Most of those arrested in 2020 were from Northern Ireland.
However, previous years have seen a disproportionate number of EU nationals arrested. Between 2015 and 2019, approximately 60% of those arrested in Northern Ireland were Romanian nationals. Over 25% were from the UK or Ireland. Northern Irish nationals made up the fastest growing nationality of those arrested over the five year period.
There were concerns about Romanian nationals begging and rough sleeping in Derry and the North West region in 2019, said Eileen Best, Director of Operations at First Housing Aid and Support Services.
Northern Ireland’s Housing Executive often has no statutory duty to rehouse migrants, she said, meaning that supporting migrants who are begging or rough sleeping can be complex.
There was a coordinated multi-agency approach to support Romanian nationals in 2019, she said. “There was a genuine concern that people may have been rough sleeping and had no recourse to public funds and no way of getting off the street. It wasn't easy to watch people that were forced to beg on the streets.”
Efforts included helping those who wished to do so to return to their home country.
Arresting EU nationals for crimes such as begging can end up putting them at greater risk of homelessness.
Obtaining a criminal record can have an impact on EU nationals' right to remain in Northern Ireland. This in turn can further restrict their access to housing and benefits, leading to homelessness.
Under new powers that came into force in December in the UK, rough sleeping is grounds to deport non-UK nationals.

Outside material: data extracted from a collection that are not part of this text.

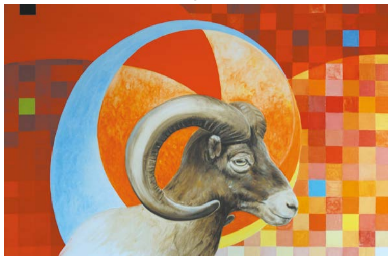
Ani wschód, ani zachód, 2017, olej na płótnie
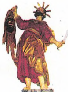
Bartholomäusfigur in St Bartholomäus, Zeilsheim
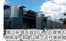
黒川紀章氏設計による建物も興味深い和歌山県立近代美術館

ツアー初日には【和歌山県立近代美術館】を訪ねます。故・黒川紀章氏設計による意匠を凝らした大型施設で、1998年に当時の建設省が選定・発表した「公共建築百選」にも選ばれています。所蔵作品点数は実に1万点を超え、地元作家および国内の作家の近代芸術作品が中心のコレクションですが海外作家の作品も多く、アンディ・ウォーホル、マーク・ロスコ、フランク・ステラ、ロイ・リキテンスタイン等まさに近代アートを代表する世界的な作家や、ムク、ピカソ、アンリ・マティス、カンディンスキー、ルオー、イサム・ノグチ等の近世~近代を代表する数々の作家の作品をコレクションしています。ツアーのもう1泊は和歌山県中部・田辺市の山中、「日本三大美人の湯」とも言われ約1300年の歴史を誇る龍神温泉の大自然の中にたえずも瀟洒な温泉旅館「季楽里龍神」にご宿泊いただきます。その他体験プログラムとして、田辺市の地域住民が出资方式で昭和28年築の小学校旧校舎を再利用し、平成20年11月にオープンして都市と農村の交流を目指した「グリーンツーリズム施設」で、農業体験学習等も行なっている「秋津野ガルテン」にて、梅染め等自然染めの染色体験と施設内の農家レストランでスローフード&地産地消の家庭料理中心の昼食をいただきます。そして最終日、最後に向かうのはパンダで有名な「アドベンチャーワールド」です! 現在日本で飼育されているジャイアントパンダは全部で13頭ですが、こちらではなんとその半数以上の7頭のパンダが暮らししています。 昨年11月22日に誕生し、ちょうど満1歳になるメスのパンダの赤ちゃん、楓浜は特に人気が高く、運が良ければ皆さまも会えるかも知れませんよ! ※撮影日:2021年10月2日
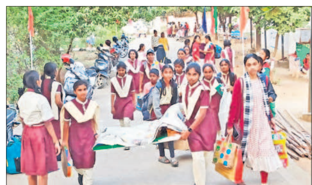
ఎగ్జిబిట్లతో ప్రదర్శన కేంద్రానికి చేరుకుంటున్న విద్యార్థులు

బాలబాలికలకు వేర్వేరుగా క్యాంపస్ ను ఏర్పాటు చేసి వసతి సౌకర్యం కల్పించనున్నారు. ఇప్పటికే తమ ఎగ్జిబిట్లతో విద్యార్థులు ప్రదర్శన కేంద్రానికి చేరుకున్నారు. రిజనల్ కోఆర్డినేటర్ విద్యారాణి ఏర్పాట్లను పర్యవేక్షించారు.
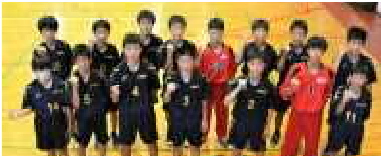
ハンドボール部男子 市優勝 県優勝 関東大会出場
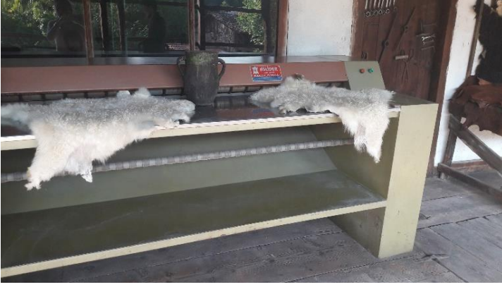
Şekil 26: Desi makinası
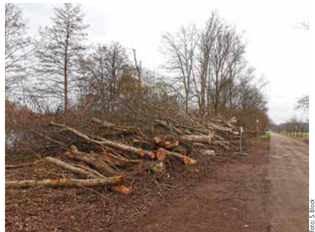
Baumschnitt- und fällungen am Parkplatz Inselsee

Gespräche mit dem Landkreis sind in Vorfeld abgestimmt und befinden sich nun in der Umsetzung. Das Parken auf dem Seitenstreifen wird zukünftig nicht mehr möglich sein. Es kam leider zu häufig vor, dass Rettungsfahrzeuge und auch landwirtschaftliche Fahrzeuge große Schwierigkeiten hatten, die Straße zu passieren. Es wird gerade daran gearbeitet den großen Parkplatz besucherfreundlich herzurichten. Dafür wurde Gestrüpp geschlegelt, neue Durchgänge geschaffen und viele nicht
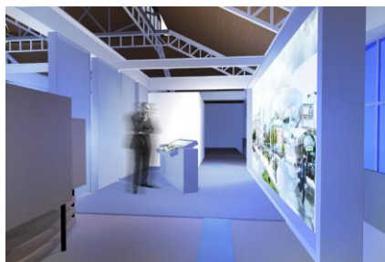
Vue 3D du module 3 de l'exposition © La Fabrique créative

Un plongeon dans le temps, c'est ce que vivront les visiteurs de l'exposition dans ce module consacré au Paris de 2 100, avec +2°. Dans un univers à la frontière de la fiction, illustré par l'imagination débordante des architectes du collectif « Et alors », la capitale luttant contre le réchauffement climatique se transforme, dévoile ses richesses et réinvente ses modes de vie. Les visiteurs découvriront la richesse de l'eau et de ses usages, de l'eau potable aux eaux usées, en passant par l'eau pétillante ou l'eau de pluie. Toutes ces eaux construiront la ville de demain et feront vivre les espaces urbains. Ce module met en lumière les moyens, actuels et à venir, pris par la Ville de Paris et Eau de Paris en matière d'innovation.
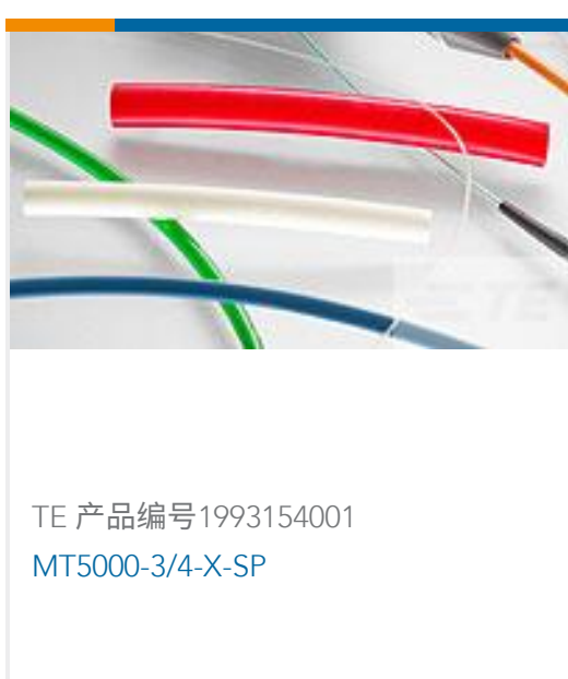
TE 产品编号1993154001 MT5000-3/4-X-SP
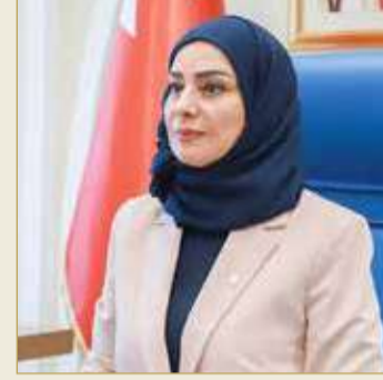
رئيسة مجلس النواب
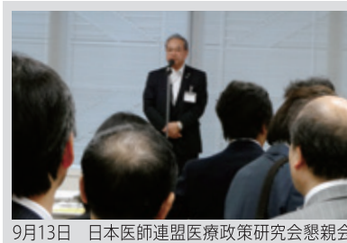
9月13日 日本医師連盟医療政策研究会懇親会
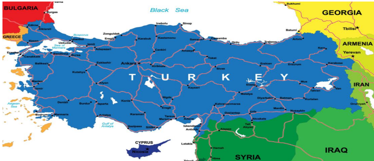
מפה 1: גבולותיה של טורקיה
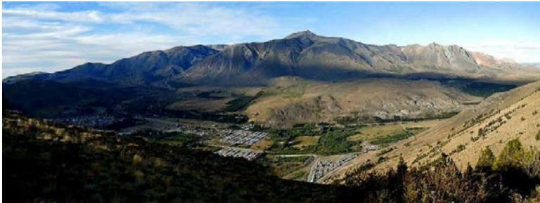
Esquel

Esquel es un pueblo que camina sus calles en defensa del agua y de la vida desde fines de 2002. Es el pueblo que echó a la multinacional minera que pretendió explotar el Cordón que lleva su nombre y que es símbolo y custodio de entereza y dignidad.
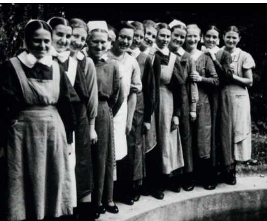
Jägersburger Schwestern am Brunnen

Chief Superintendent Simon Walls said in a statement that the PSNI “are conscious that issues such as begging are challenging. The answer lies with wider society and policing is only one part of this.”
Chief Superintendent Walls said the police consider a range of options before arrest.
“Our Neighbourhood Policing Teams work closely with a range of organisations who are seeking to find meaningful alternatives to begging and rough sleeping,” he said. “Where those people we find on the street are vulnerable and in need of help we will work with our partner agencies to help keep them safe.”
- This investigation was supported by the European Journalism Covid-19 Support Fund, to report on the economic impact of the pandemic on marginalised communities in Northern Ireland.